We Killed AI's Biggest Cost.


News provided by Corbenic AI on Wednesday 3rd Jun 2026



A new AI memory engine restores what a model has already read on a different server, byte-for-byte identical and cryptographically proven. Long AI conversations run up to 21 times faster on consumer hardware.*

OOSTKAMP, Belgium, June 3, 2026.** Every time you ask an AI a question about a long document, the AI re-reads it from scratch. Every. Single. Time. Ask ten questions about a 100-page report and the AI has read a thousand pages. That hidden re-reading is the single biggest cost in today's AI bills, and the reason long conversations get slower and more expensive over time.

Corbenic AI today released the fix, along with the cryptographic receipts that prove it works. Its engine, called Taliesin, saves what the AI has already read and restores it on demand. Crucially, the restored memory is mathematically identical to a fresh re-read, down to the last bit. Not "almost." Not "close enough." Identical.
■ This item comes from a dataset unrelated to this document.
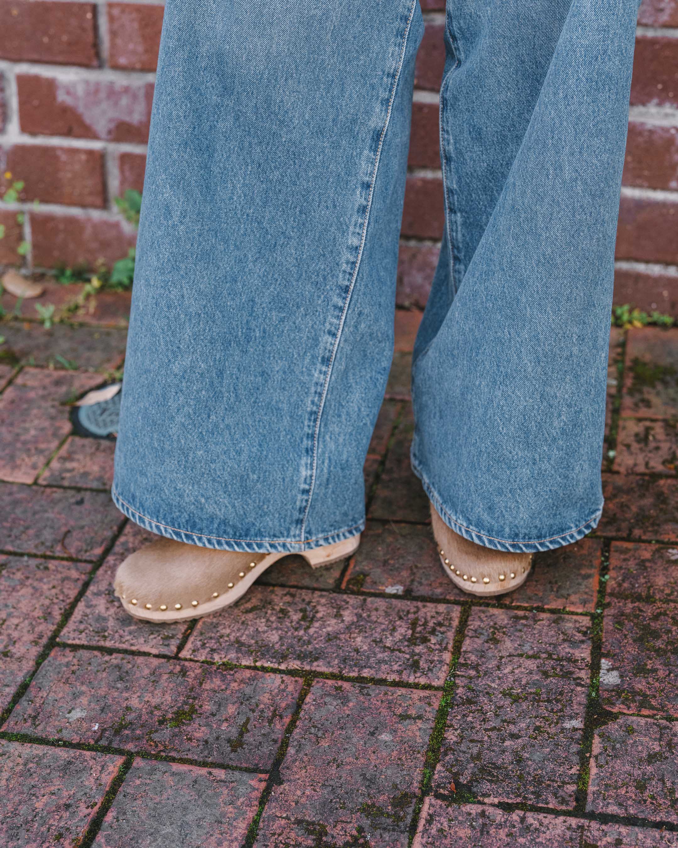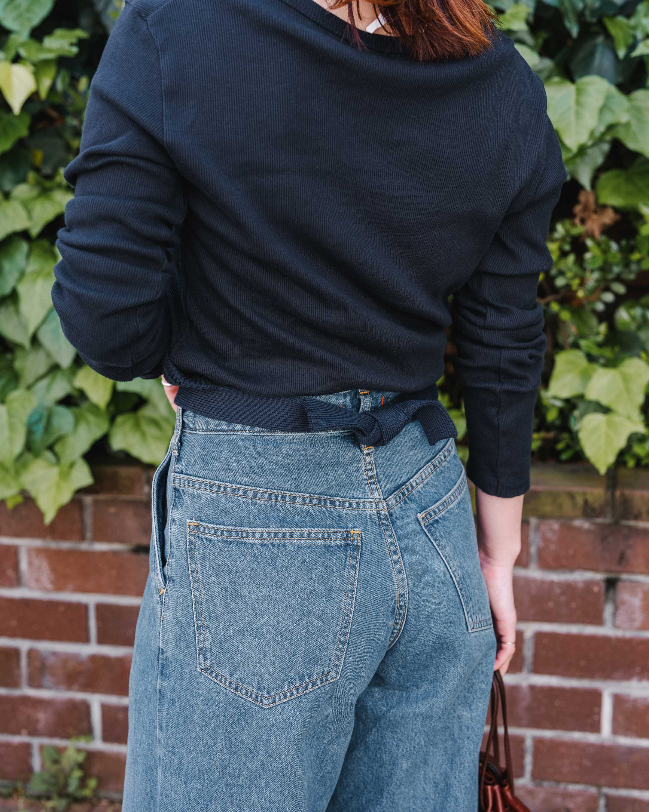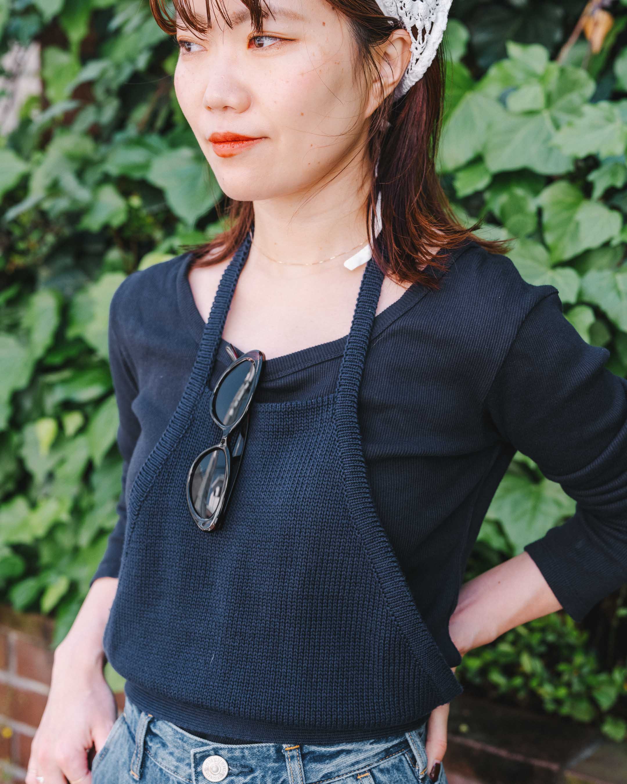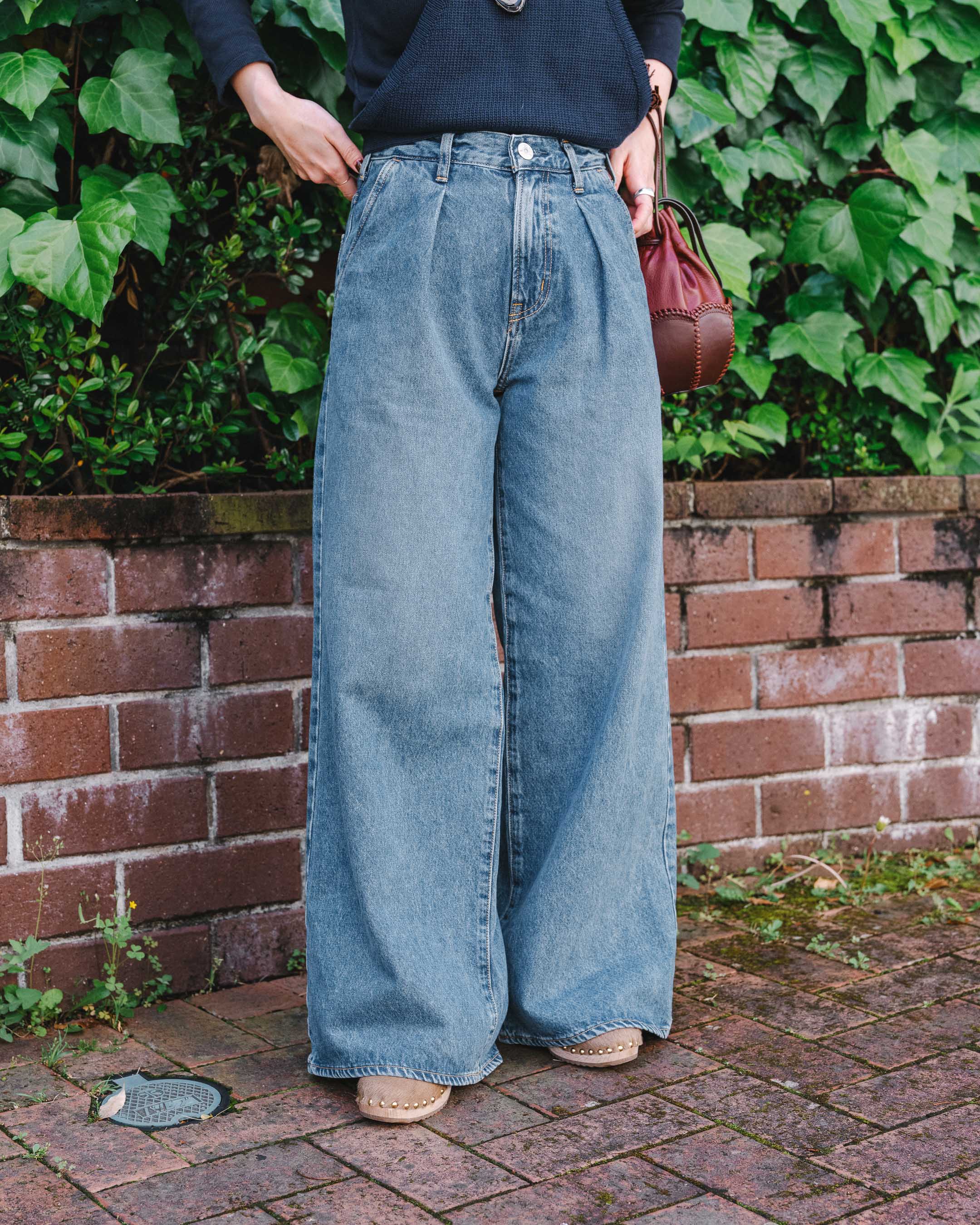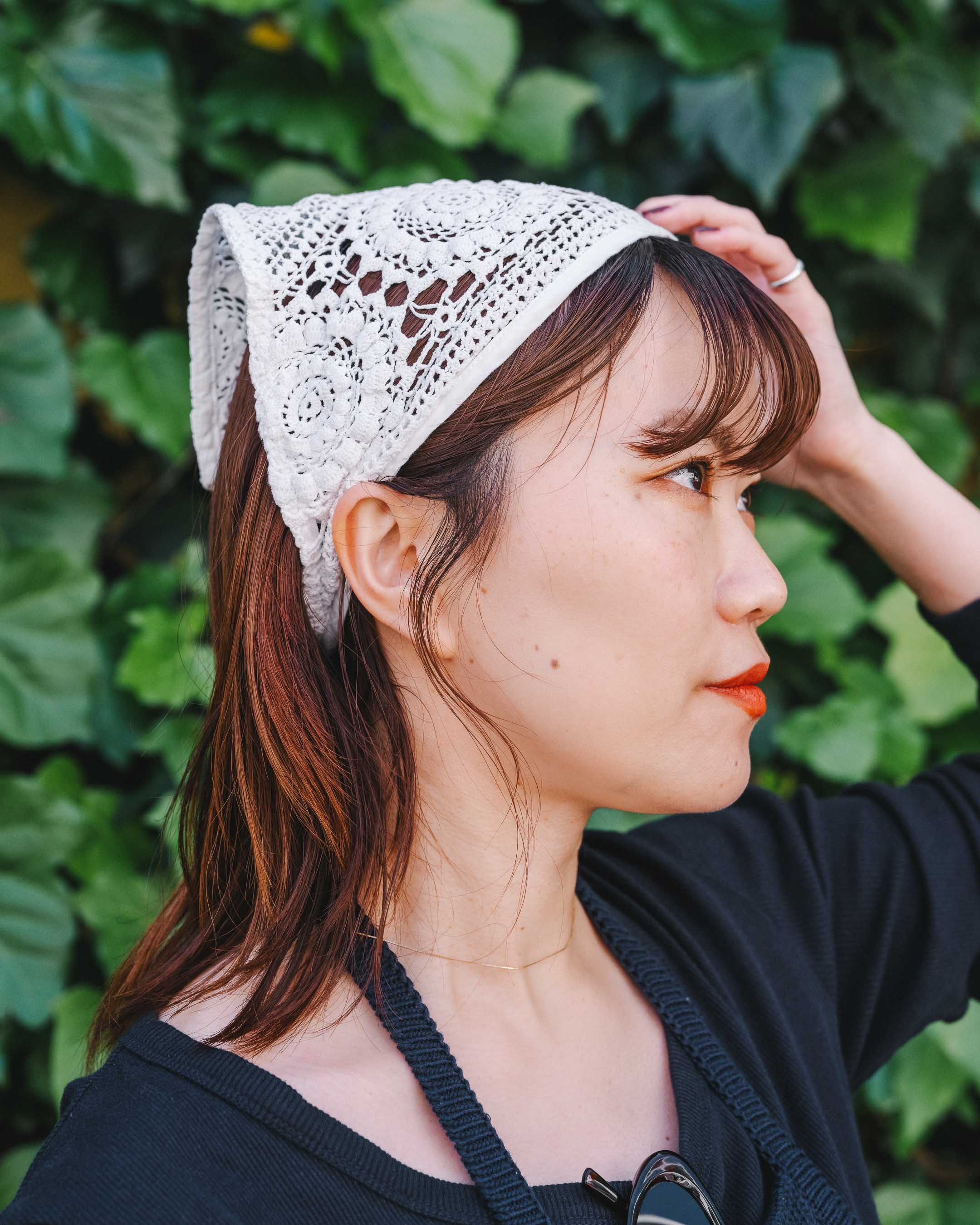 シンプルデニムコーデはバブーシュカを合わせて遊び心をON!

Two minutes becomes seven seconds.
On a $0.69-per-hour graphics card, the longest test contexts took an AI more than two minutes to read from scratch. Taliesin restored them in under seven seconds: a 21-times speedup, with no loss of accuracy.

Across GPU generations, token for token.

In a bidirectional hardware relay between an Ampere A6000 and an Ada Lovelace RTX 4090, Corbenic moved AI memory back and forth and generated 64 of 64 output tokens identical to what the originating card would have produced. Cross-architecture verification is seldom attempted in public: GPU generations round floating-point operations differently. Most disaggregated-serving systems (Mooncake, CacheBlend) accept that as approximation; Corbenic shipped the proof. The practical meaning: a context prefilled on a cheap card, served from a more expensive one, gives the user the same answer either way.

The proof anyone can check.

Corbenic published SHA-256 hashes, the same fingerprint type used to verify a software download. Anyone can run the test on three public AI models from Meta, Alibaba and Mistral and confirm the hashes match. 45 of 45 trials matched. A 60-process follow-up: 60 of 60. Cross-machine: two physically separate servers, matching in both directions.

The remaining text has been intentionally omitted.